— Так, — подытожил я, отставляя стакан, — значит, Люська-Шанель опознала бывшего мужа-ревнивца, а ты мне пытаешься подсунуть какую-то стажерку?! Слушай, одноглазый, я ведь тебя могу и одноногим сделать для полноты образа! Совсем ссучился?
— Митяй! — у Мишки даже губа нижняя затряслась от обиды. — Да я же никогда тебе туфту не подсовывал, я помню, как ты меня от зоны отмазал! А Величко, правда, много чего порассказать может! Шоколадка ее тут недавно так отметелила, прямо в туалете, что никаким гримом не замазать было. А за что? — и он для вящей убедительности покрутил в воздухе рукой.
— И впрямь, за что?
— Вот и спроси ее!
— И где же твоя Величко?
— Дома, наверное. Отлеживается.
— Ладно, кэп, не тушуйся, — сказал я примирительно. — Ты мои координаты все знаешь? Ну вот, как эта твоя зеленуха объявится, свистнешь. Лады?
— Гут гемахт! — к Мишке вернулось хорошее настроение. — Еще пива?
— Сыпь! — кивнул я. — Как говорил незабвенный Мих-Мих, «алкоголь в малых дозах безвреден в любых количествах»! Люськи сегодня тоже нет, что-то я ее не вижу?
— Трудится, аки пчелка! — хихикнул воспрянувший духом Сильвер. Боюсь, долго ждать придется.
— А я и не буду! Посижу еще у тебя, авось и найду кого-нибудь для душевной беседы.

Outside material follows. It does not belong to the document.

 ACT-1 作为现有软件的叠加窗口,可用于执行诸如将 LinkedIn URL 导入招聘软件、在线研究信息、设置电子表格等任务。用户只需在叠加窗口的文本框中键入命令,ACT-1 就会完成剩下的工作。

Иди, кэп, трудись!
Радостный Мишка мгновенно испарился и тут же материализовался в дальнем конце стойки возле двух субтильных созданий без внешних половых признаков.

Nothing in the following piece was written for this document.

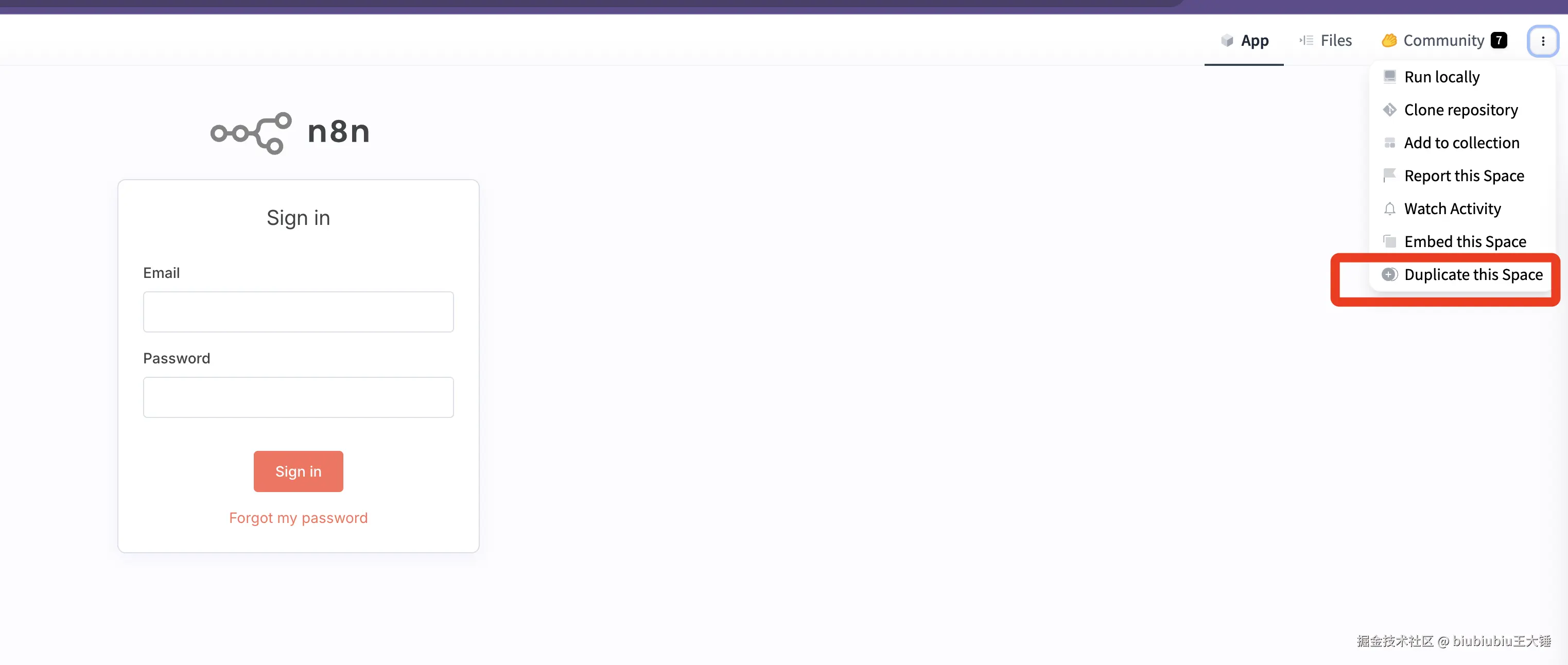 点击右上角三个点展开,点击 【Duplicate this Space】

Некоторое время я сидел, расслабившись, лениво потягивая пиво и наблюдая за той странной парочкой. Потом мне это надоело, я развернулся и принялся разглядывать танцующих в середине зала. Визги и вопли рэйв-авангарда к тому времени сменились вполне приличным блюзом, да и публика немного посолиднела. Я даже стал подумывать, а не найти ли мне партнершу поопытней — блюз я любил с юности.

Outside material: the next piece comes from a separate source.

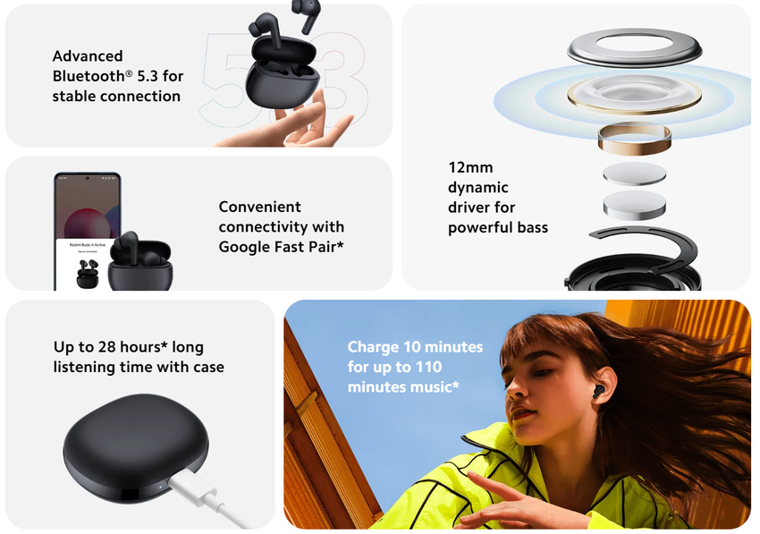 Redmi Buds 4 Active mogą wytrzymać do 5 godzin w trybie słuchania muzyki. Etui ładujące z baterią 440 mAh wydłuża czas pracy do 28 godzin. Słuchawki obsługują również szybkie ładowanie - 10 minut zamienia się w 2 godziny użytkowania.

Но обернувшись к стойке за стаканом в очередной раз, я обнаружил, что одиночество мое кончилось, ибо рядом — даже в опасной для меня близости! расположилось юное создание с роскошными формами, открытыми к всеобщему обозрению. Три кусочка чего-то ярко-алого общей площадью в двадцать квадратных сантиметров и несколько таких же изящных витых шнурков, видимо, должны были по замыслу владелицы выполнять роль некоего вечернего туалета, но почему-то никем — и мной в том числе — не воспринимались всерьез. Однако красотку сие обстоятельство нисколько не смущало. Лениво взглянув на меня, она выудила из сумочки тонкую коричневую палочку «Данхилла» и роскошный позолоченный «Ронсон». Зажав сигарету между пальцев с ядовито кровавыми ногтями, девица жестом, не встречающим отпора, протянула зажигалку мне. Все еще слегка обалдевший, я зажег сигарету ей и прикурил сам, вернув изящную вещицу.
— Sanks! — она небрежно бросила «Ронсон» на стойку рядом с сумочкой. — Your name?
— Дмитрий, — механически ответил я, не в силах оторваться от двух верхних треугольничков. — And your?
— Midgy…
— And why English?[1]
— А, просто так, — она выпустила дым через свой античный носик.
— Понятно, — я тоже затянулся.
«Ну, Котов, вот тебе и отдых для души и тела. Правда, насчет души, это еще надо посмотреть, а в остальном очень даже может быть…»
— Как жизнь, Крошка?
— А?.. Ну, да… Вообще-то я Анастасия, можно Настя, — нехотя сообщила она. — А ты не коп?
— Нет. К милиции я имею весьма косвенное отношение. Я — репортер уголовной хроники из «Вестника», Дмитрий Котов.
— О-о! — она округлила свои и без того огромные миндалевые глаза. Обожаю про это читать! Убийства, грабежи, изнасилования, наркотики!.. И ты все-все видел? Сам?!..
— Ну-у… почти.
— А сюда зачем пришел? — Крошка прищурилась, взяла со стойки свой бокал с янтарно-зеленой смесью и отхлебнула.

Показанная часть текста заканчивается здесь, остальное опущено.